**Task to complete:**
When copying the listing below, skip every picture and repeat exactly the lines from the first one through the line that contains "Violin pendant is".

**Data in this exercise:**
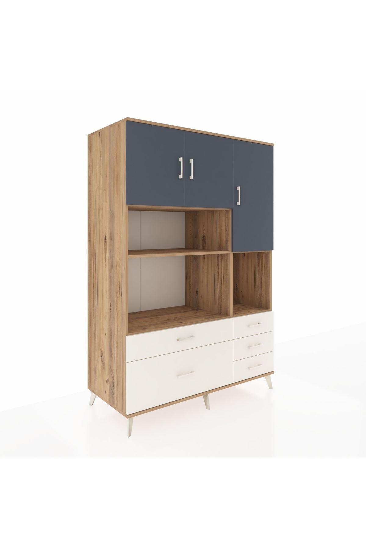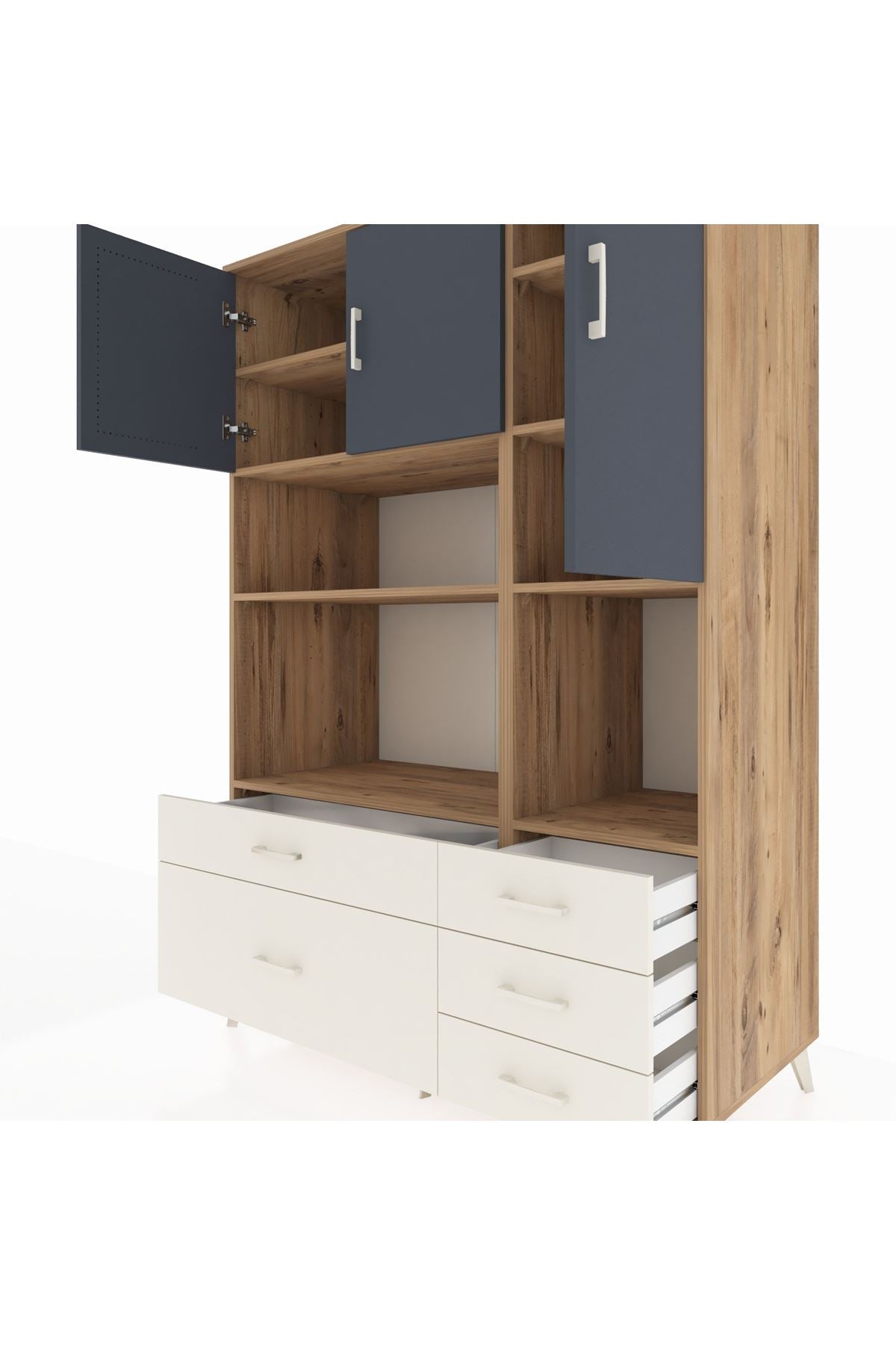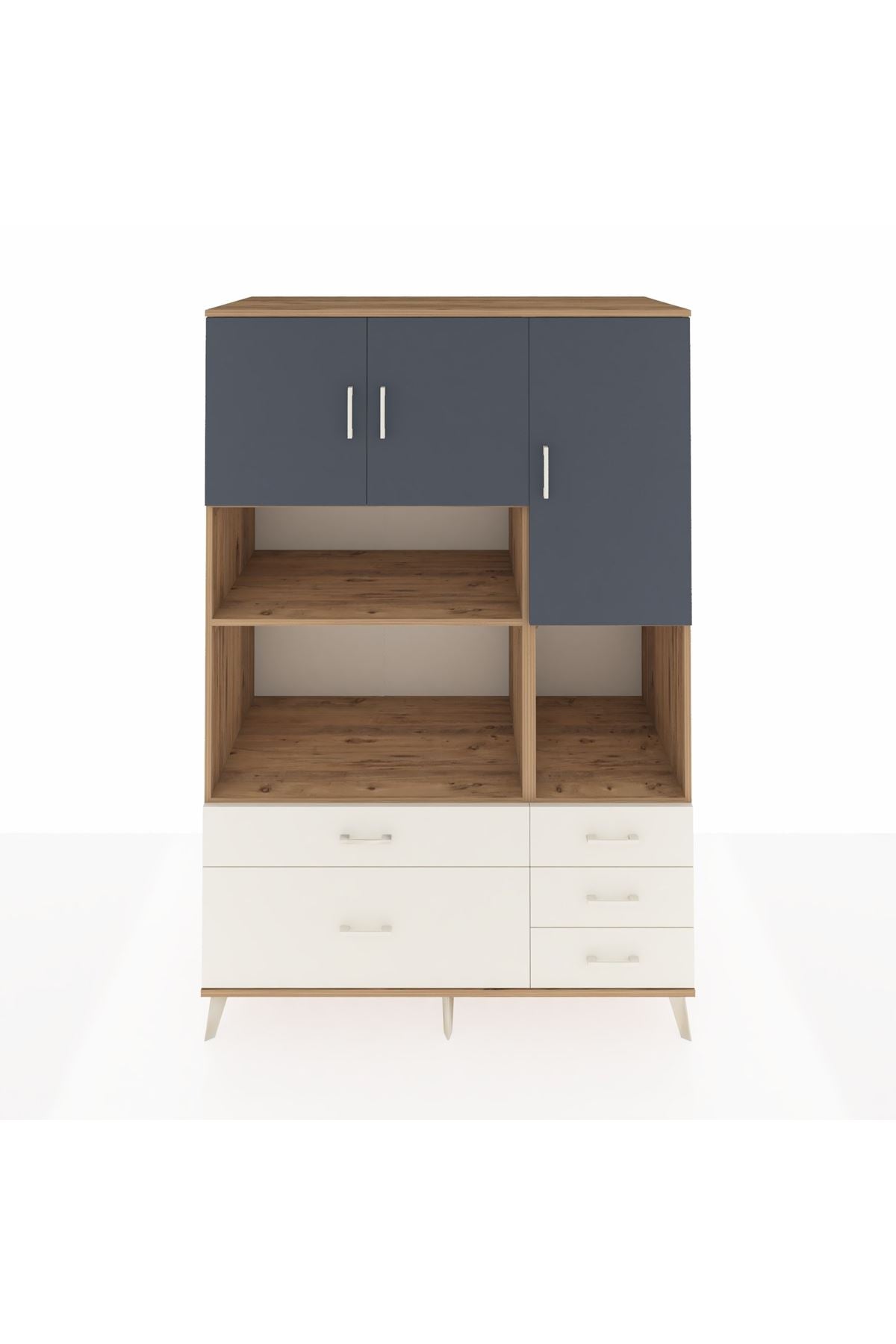 Kronos Dolap 8 Raflı 5 Çekmeceli 3 Kapaklı 132x59x195 Çam-Antrasit/Aytaşı
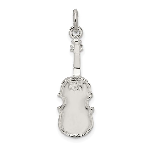 Violin pendant is made of polished solid sterling silver. Measures 1 inch tall by 5/16 inch wide without bail. Fits up to a 2.5mm wide chain. Weight: 3.25 grams.
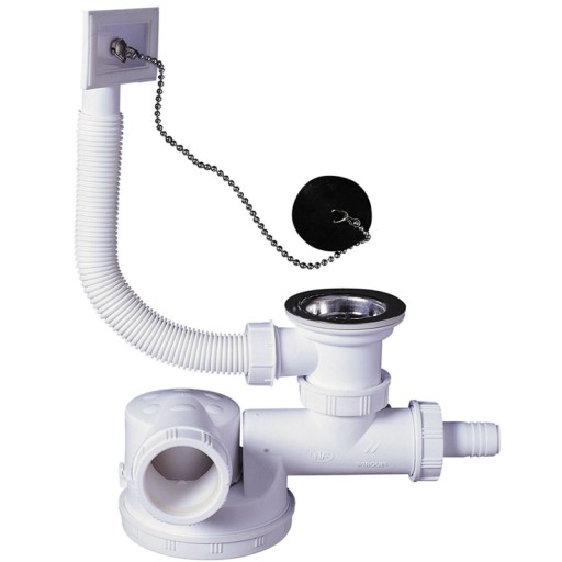 Syfon do zlewozmywaka pojedynczy niski ze spustem fi 70 mm, z przelewem i wyjściem do podłączenia zmywarki lub pralki firmy WIRQUIN
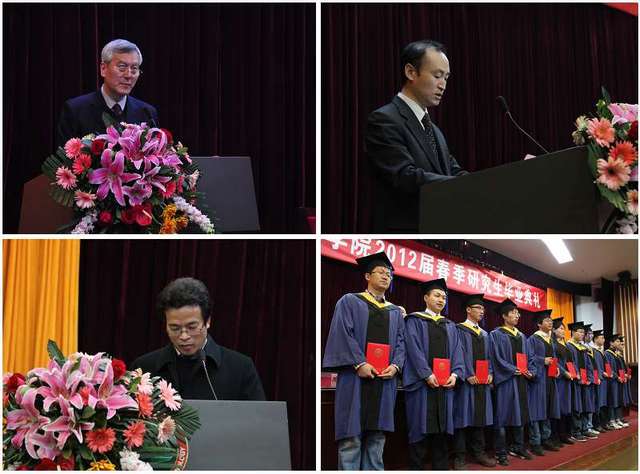 党委书记张英(左上)首先代表学院向2012届毕业研究生表示了衷心地祝贺,并对毕业生们送上四句话:第一,理智的自信,能带来走出困境的动力。第二,脚踏实地的“做”比什么都重要。第三,学会感恩,情商比智商更重要。第四,诚实守信,团结互助,严于律己,宽以待人。张书记希望毕业生们能够带着自信,脚踏实地的去实现自己的理想和抱负,不断提高自己的情商,争做国家需要的栋梁之才。副院长左正兴(右上)宣读了对2012届研究生准予毕业和授予学位的决定。常务副院长唐水源(左下)宣读了获得德赢AC米兰中国官方网站优秀毕业研究生名单。主席台领导们为获得优秀毕业研究生的同学们颁发了获奖证书。
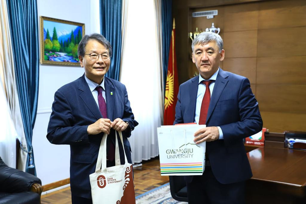 ОшМУга Түштүк Кореянын Кванджу университетинин ректору Чон Чжон Хван баштаган делегация келди. Алар менен ректор Кудайберди Кожобеков жолугуп, өз ара байланыштар, алдыдагы кызматташуунун перспективалары боюнча пикир алышты.
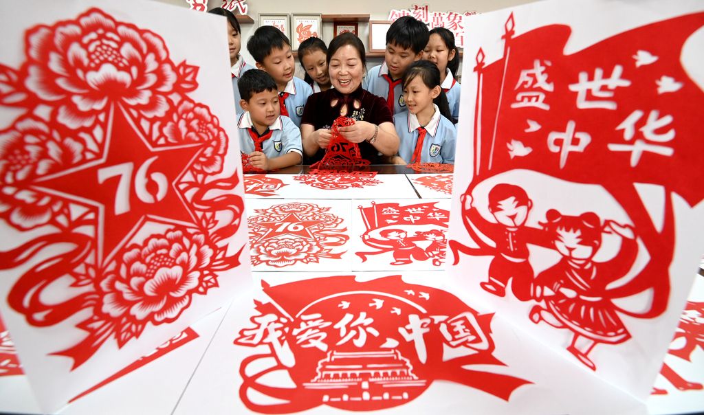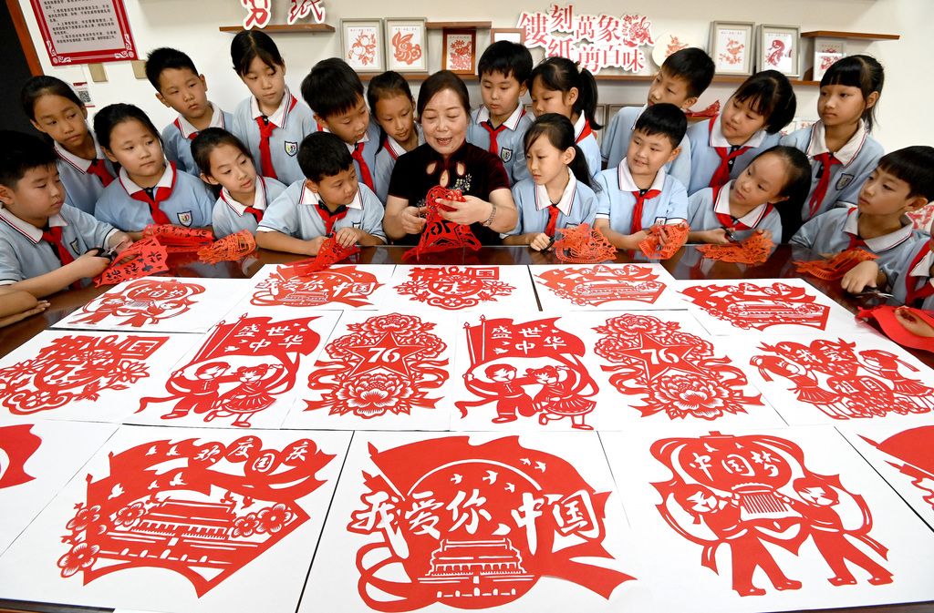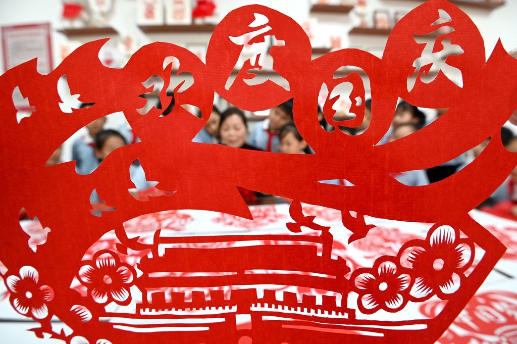2025年9月28日,河北省邯郸市,复兴区铁路小学开展“巧手剪纸迎国庆”活动,师生亲手创作国庆主题剪纸作品,以指尖技艺传递对祖国的热爱与祝福,喜迎国庆佳节。
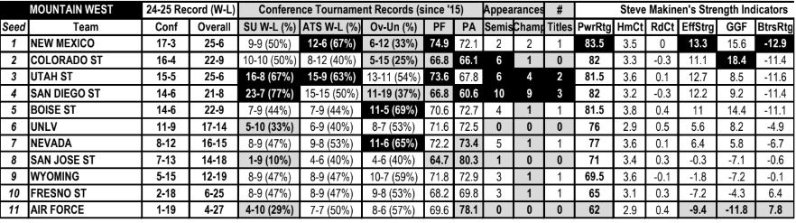 Steve Makinen’s Power Ratings for the Mountain West Conference Tournament
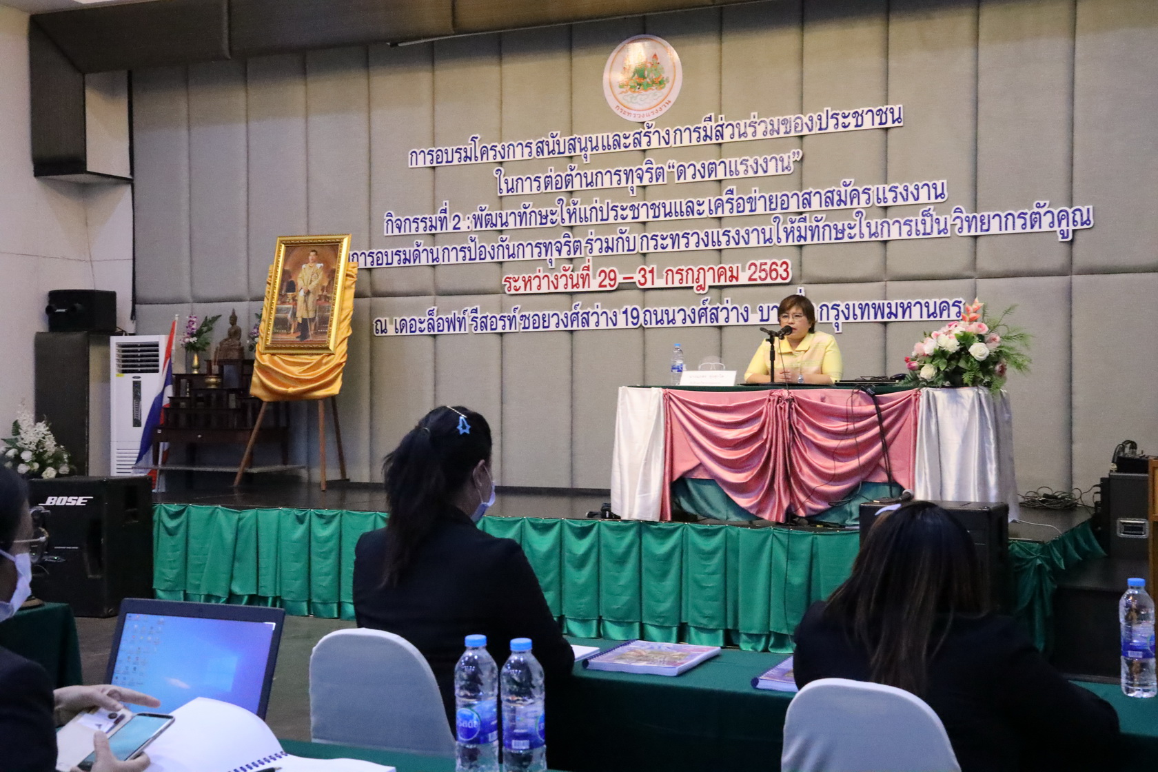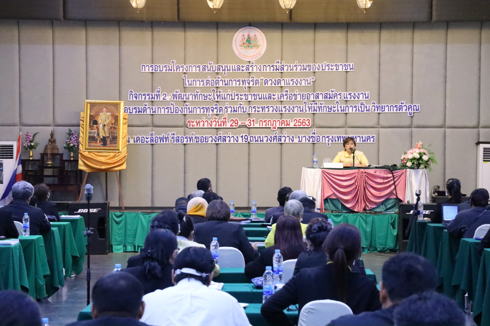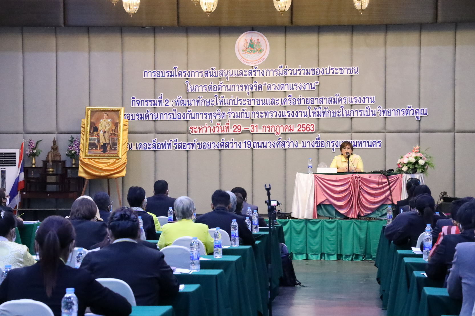 วันที่ 29 กรกฎาคม 2563 เวลา 08.30 น. นายสุทธิ สุโกศล ปลัดกระทรวงแรงงาน มอบหมายให้ นางนภสร ทุ่งสุกใส ที่ปรึกษาวิชาการแรงงาน เป็นประธานกล่าวเปิดการอบรมโครงการสนับสนุนและการสร้างการมีส่วนร่วมของประชาชนในการต่อต้านการทุจริต “ดวงตาแรงงาน” กิจกรรมที่ 2: พัฒนาทักษะให้แก่ประชาชนและเครือข่ายอาสาสมัครแรงงานที่ผ่านการอบรมด้านการป้องกันการทุจริตร่วมกับกระทรวงแรงงาน ให้มีทักษะการเป็นวิทยากรตัวคูณ ณ ห้องประชุมแพรวา เดอะ ล็อฟท์ รีสอร์ท โดยกล่าวว่า การจัดอบรมในครั้งนี้นับเป็นโอกาสที่ดีของกระทรวงแรงงานในการสร้างกลไกสำคัญ เพื่อร่วมกันขับเคลื่อนงานพัฒนาเครือข่ายภาคประชาชนให้ครอบคลุมทั่วประเทศในการประชาสัมพันธ์ เฝ้าระวัง และป้องกันการทุจริต ตลอดจนปลูกจิตสำนึกให้กับประชาชนในพื้นที่ เพี่อสร้างความตระหนักรู้ในการรักษาผลประโยชน์ของชาติ โดยมุ่งหวังให้การทุจริตในสังคมไทยหมดสิ้นไป
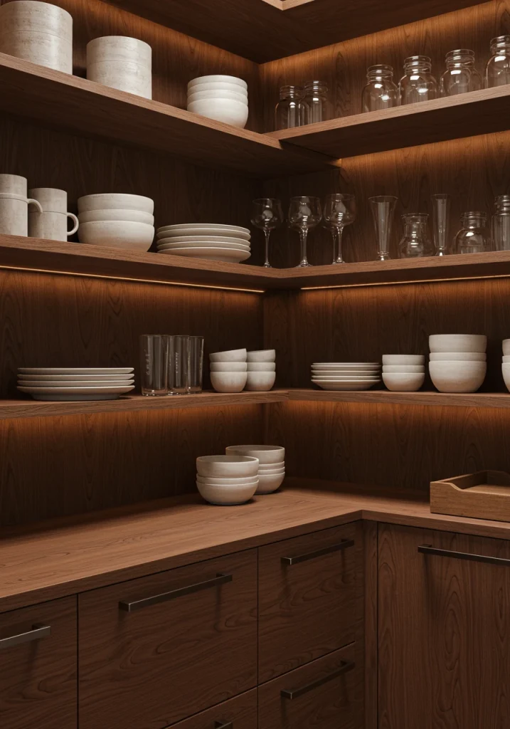 Corner Solutions: Use turntables (Lazy Susans) or custom corner shelves to make awkward corners fully accessible.

**Result of this task:**
 Kronos Dolap 8 Raflı 5 Çekmeceli 3 Kapaklı 132x59x195 Çam-Antrasit/Aytaşı
 Violin pendant is made of polished solid sterling silver. Measures 1 inch tall by 5/16 inch wide without bail. Fits up to a 2.5mm wide chain. Weight: 3.25 grams.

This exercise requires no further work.